[The data]:
-.-.-
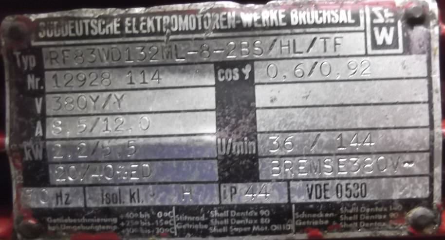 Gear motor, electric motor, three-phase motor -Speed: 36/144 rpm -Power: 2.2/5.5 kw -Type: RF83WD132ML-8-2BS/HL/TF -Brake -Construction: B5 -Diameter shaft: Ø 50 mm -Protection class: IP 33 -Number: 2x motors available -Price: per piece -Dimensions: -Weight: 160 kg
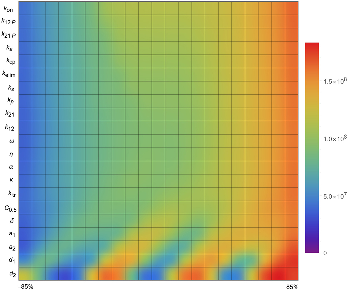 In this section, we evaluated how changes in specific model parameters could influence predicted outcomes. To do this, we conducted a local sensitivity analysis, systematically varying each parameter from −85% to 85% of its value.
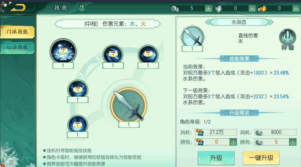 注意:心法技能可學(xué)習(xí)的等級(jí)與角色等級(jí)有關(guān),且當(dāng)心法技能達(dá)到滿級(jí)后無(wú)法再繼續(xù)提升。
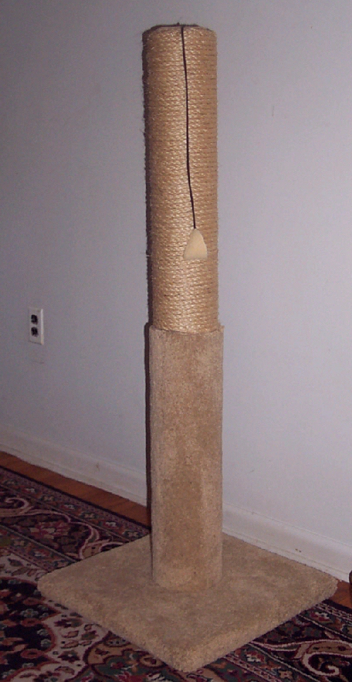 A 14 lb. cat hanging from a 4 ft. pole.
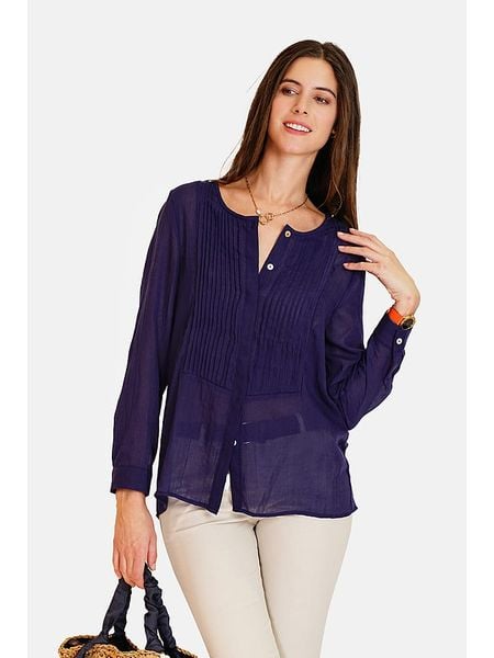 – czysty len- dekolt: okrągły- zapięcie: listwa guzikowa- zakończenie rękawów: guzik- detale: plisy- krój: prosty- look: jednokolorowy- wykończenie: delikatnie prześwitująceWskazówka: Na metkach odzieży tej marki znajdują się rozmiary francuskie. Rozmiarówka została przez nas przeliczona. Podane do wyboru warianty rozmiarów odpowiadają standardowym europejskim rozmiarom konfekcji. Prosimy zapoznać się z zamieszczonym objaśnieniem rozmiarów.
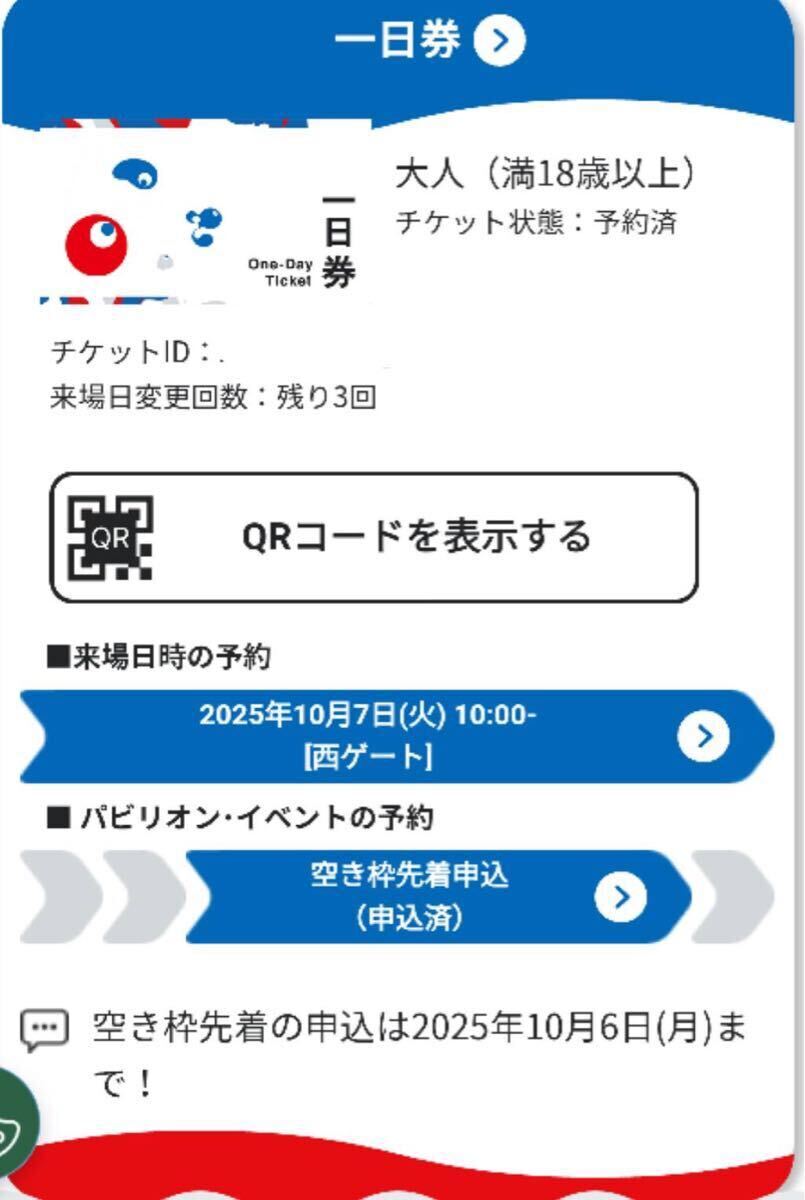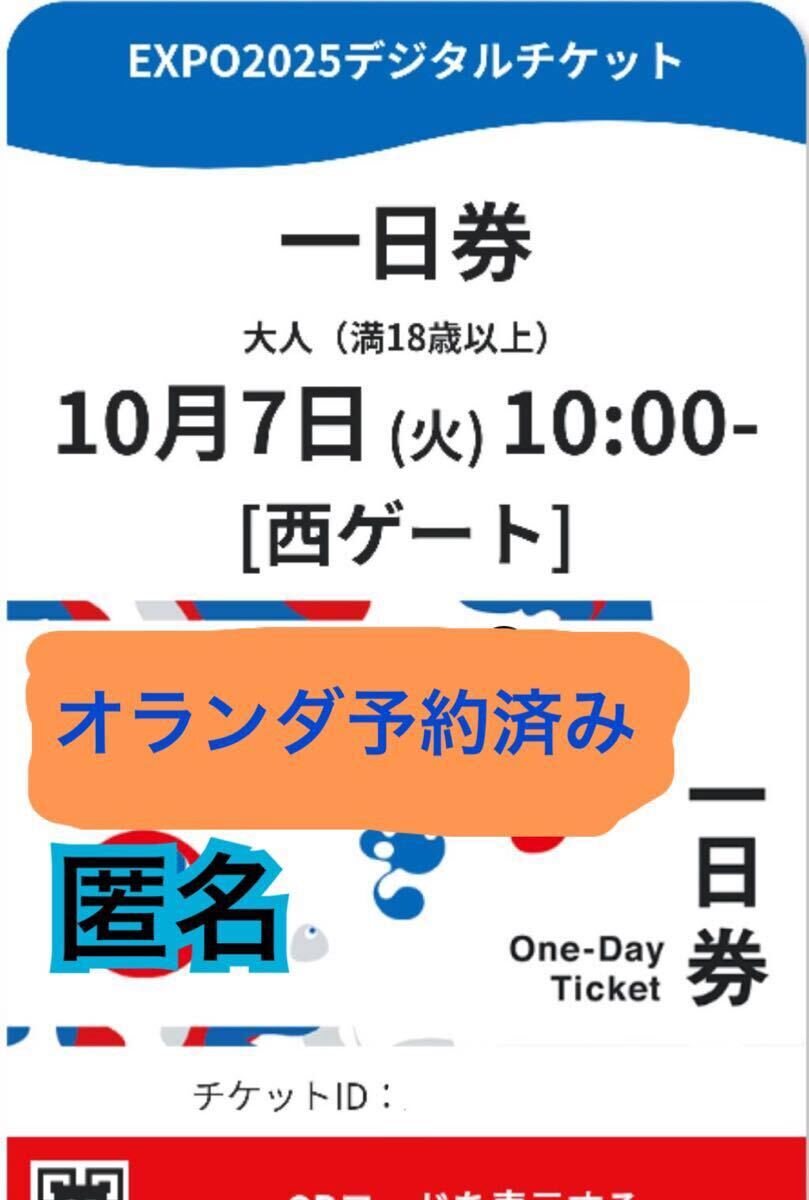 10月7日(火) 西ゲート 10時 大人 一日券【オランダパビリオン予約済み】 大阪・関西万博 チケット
-.-.-
[Your goal]: All lines from the one containing "A 14 lb. cat hanging from a 4 ft. pole." through the final line of the records are to be retyped exactly; no other lines and no pictures are to be included.

[Solution to the exercise]:
 A 14 lb. cat hanging from a 4 ft. pole.
 – czysty len- dekolt: okrągły- zapięcie: listwa guzikowa- zakończenie rękawów: guzik- detale: plisy- krój: prosty- look: jednokolorowy- wykończenie: delikatnie prześwitująceWskazówka: Na metkach odzieży tej marki znajdują się rozmiary francuskie. Rozmiarówka została przez nas przeliczona. Podane do wyboru warianty rozmiarów odpowiadają standardowym europejskim rozmiarom konfekcji. Prosimy zapoznać się z zamieszczonym objaśnieniem rozmiarów.
 10月7日(火) 西ゲート 10時 大人 一日券【オランダパビリオン予約済み】 大阪・関西万博 チケット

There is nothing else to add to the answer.